*Provided material:*
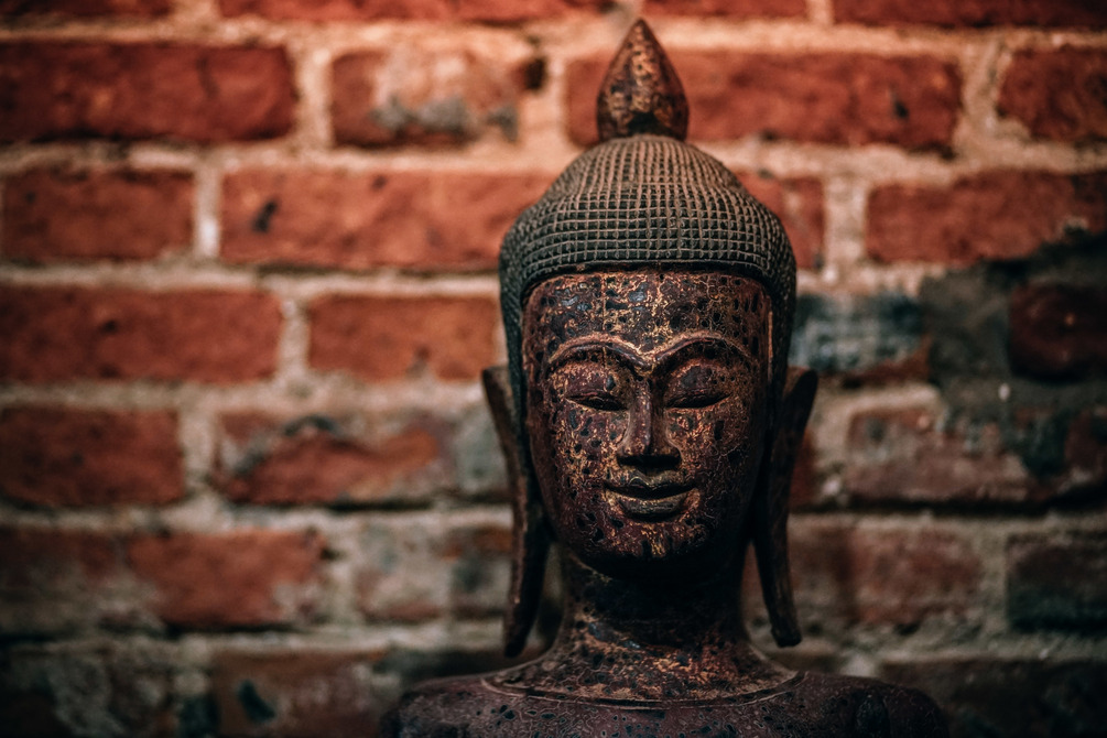 A wooden Buddhist statue in front of a brick wall
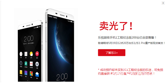 4月21日消息,今天上午10點,200臺樂視超級手機1工程紀念版在樂視商城開售,僅1秒售罄。參與本次預約卻未購買成功的樂迷,可免預約直接獲得5月19日量產機首發搶購資格。5月5日上午10點,20萬臺樂視超級手機1和樂視超級手機1 Pro量產機將開啟預約,5月19日中午12點開放購買。另據了解,今天中午12點,2.5萬臺樂視超級電視也將于樂視商城開放購買。
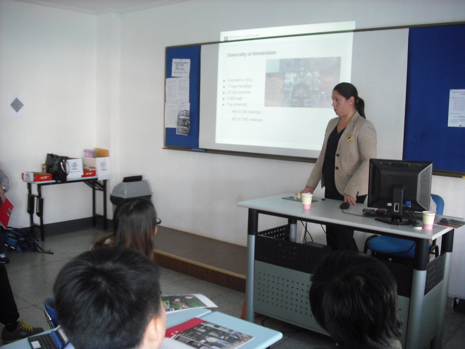 2012年10月23日中午12时30分,荷兰阿姆斯特丹大学Nathalie Tsang老师来访公司并于文达楼召开招生宣讲会。会间Tsang老师就阿姆斯特丹大学及其商公司的基本概况及以及最新的招生讯息进行了详细的介绍。 阿姆斯特丹大学(UvA)位于荷兰首都阿姆斯特丹市,风景优美。阿姆斯特丹大学是一所拥有丰富历史的现代化大学,是欧洲最古老和著名的大学之一,在最新的QS排名中位于全球第62位,其在泰晤士报高等教育特刊世界大学排名、上海交大世界大学学术排名、莱顿世界大学排名中均位居全球百强。阿姆斯特丹大学拥有7个公司和35,000多名员工,其中包括来自90多个国家的2000多名国际员工,为员工提供了一流国际环境。阿姆斯特丹大学已与公司合作三年,为公司优秀的2+2毕业生提供了入读名校的机会。其对公司2+2项目员工录取标准为雅思总分6.5分(单项不低于6分),悉商前两年专业课不低于80分。 本次宣讲会得到同学们的热烈响应,参与员工的积极性高涨,会上同学们的积极提问和良好的英语能力也给外方留下深刻印象,会后同学们反应校方代表耐心的讲解和答疑为今后的公司申请提供了良好的参照作用
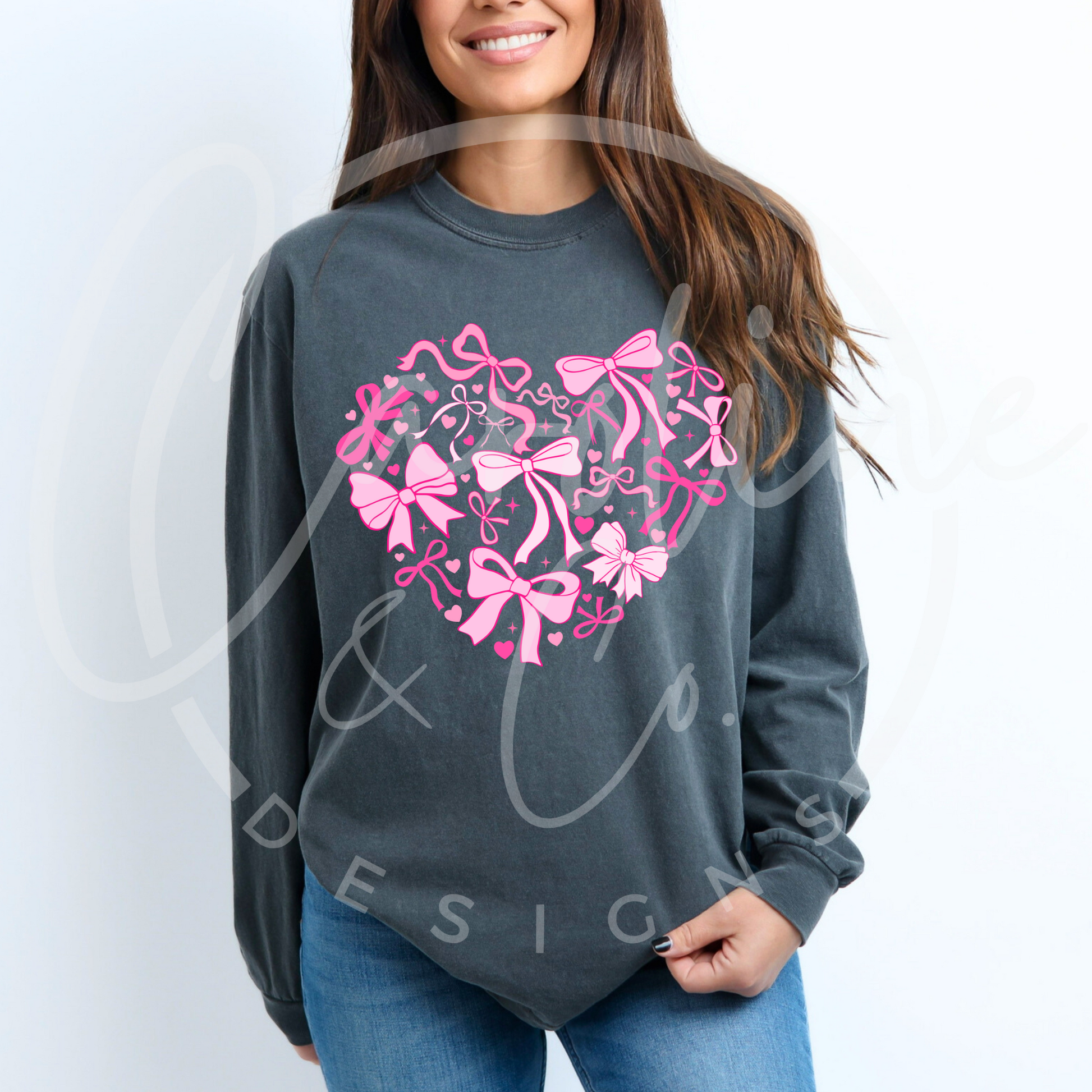 Valentine Coquette Bow Heart Comfort Colors Long Sleeve T-Shirt

*Task requirements:* Leaving out the pictures, restate each line of the listing above verbatim, from the opening line to the line bearing "4月21日消息,今天上午10", inclusive, and no more.

*Output:*
 A wooden Buddhist statue in front of a brick wall
 4月21日消息,今天上午10點,200臺樂視超級手機1工程紀念版在樂視商城開售,僅1秒售罄。參與本次預約卻未購買成功的樂迷,可免預約直接獲得5月19日量產機首發搶購資格。5月5日上午10點,20萬臺樂視超級手機1和樂視超級手機1 Pro量產機將開啟預約,5月19日中午12點開放購買。另據了解,今天中午12點,2.5萬臺樂視超級電視也將于樂視商城開放購買。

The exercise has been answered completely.